Discussion about the site's wikis, including bugs/issues encountered.
User avatar
blargg
Posts: 3715
Joined: Mon Sep 27, 2004 8:33 am
Location: Central Texas, USA

Google searches on wiki act dumb

Post by blargg »

I've noticed that Google searches on the Wiki using site:wiki.nesdev.com often act dumb. For example, when I search for MMC3, none of the 21 hits is the main MMC3 page, even though it has MMC3 in the title. Using intitle:MMC3 gives zero hits (even if I add MMC3 again as a normal search string).

Is there something telling Google to skip documents? At least a week or two ago, I was searching for things on nesdevwiki and Google had lots of hits to the now-nonexistent site. Maybe that has something to do with it, like Google thinks the new site is a spam mirror or something, I dunno. I see no robots.txt, so that wouldn't be it (some bad entry in one or something).
User avatar
Banshaku
Posts: 2417
Joined: Tue Jun 24, 2008 8:38 pm
Location: Japan

Post by Banshaku »

I don't know enough about media wiki to give an answer but could it be related to the latest spam links that we received about essays that could affect google since it must be a common spam link?
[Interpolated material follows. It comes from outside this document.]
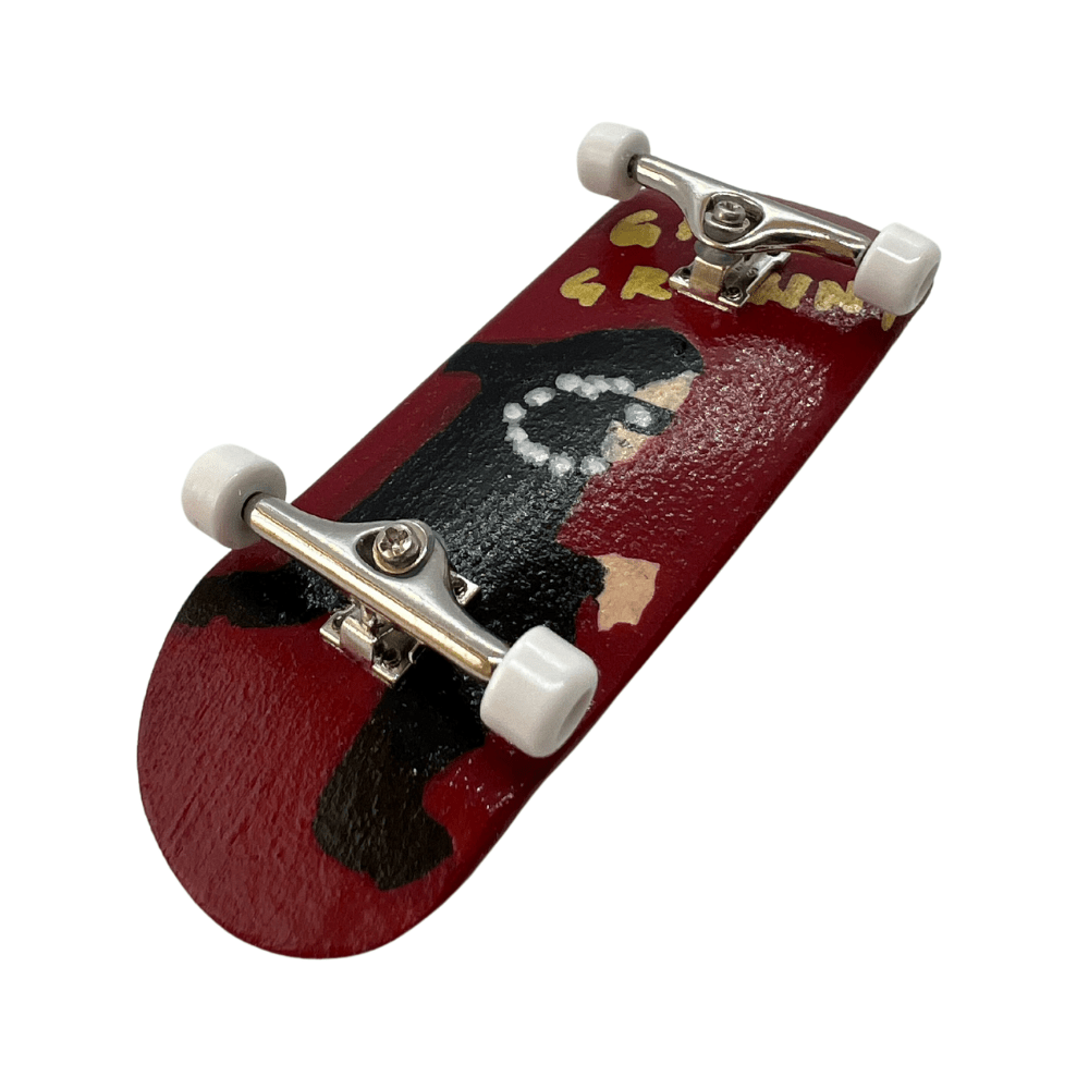 ‘Gangsta Granny’ Artist Professional Handmade Fingerboard 34.5mm x 97.5mm complete with steel trucks and urethane bearing wheels and hand painted design on deck.

Maybe there is a way to check on google to see how nesdev is affected by this but I don't know about that too. I will see if I can give it a look.
tepples
Posts: 22994
Joined: Sun Sep 19, 2004 11:12 pm
Location: NE Indiana, USA (NTSC)

Post by tepples »

The robots.txt is a 404, and there don't appear to be any robots directives in meta elements. Nor are internal links using nofollow.
User avatar
blargg
Posts: 3715
Joined: Mon Sep 27, 2004 8:33 am
Location: Central Texas, USA

Post by blargg »

I just noticed that Google is also getting hits within the skins/ directory on the Wiki. I'm thinking that should have an empty index.html in it. Otherwise one gets useless hits, even when restricting via a site: as mentioned in an earlier message.
User avatar
koitsu
Posts: 4201
Joined: Sun Sep 19, 2004 9:28 pm
Location: A world gone mad

Post by koitsu »

blargg wrote:I just noticed that Google is also getting hits within the skins/ directory on the Wiki. I'm thinking that should have an empty index.html in it. Otherwise one gets useless hits, even when restricting via a site: as mentioned in an earlier message.
This is because of the secure MPM we use for Apache. A more appropriate fix would be to place an .htaccess file in /home/ndwiki/www/w which contains:

Code: Select all

Options -Indexes
...which disables automatic directory generation listings for any directory therein which lacks an index.php/index.html/etc. document. The end result is the web client receiving an HTTP 403 Forbidden.

I've put said .htaccess in place; verified as working. It may take a few weeks before Google picks up the changes, as their crawler sometimes takes a while to notice such things.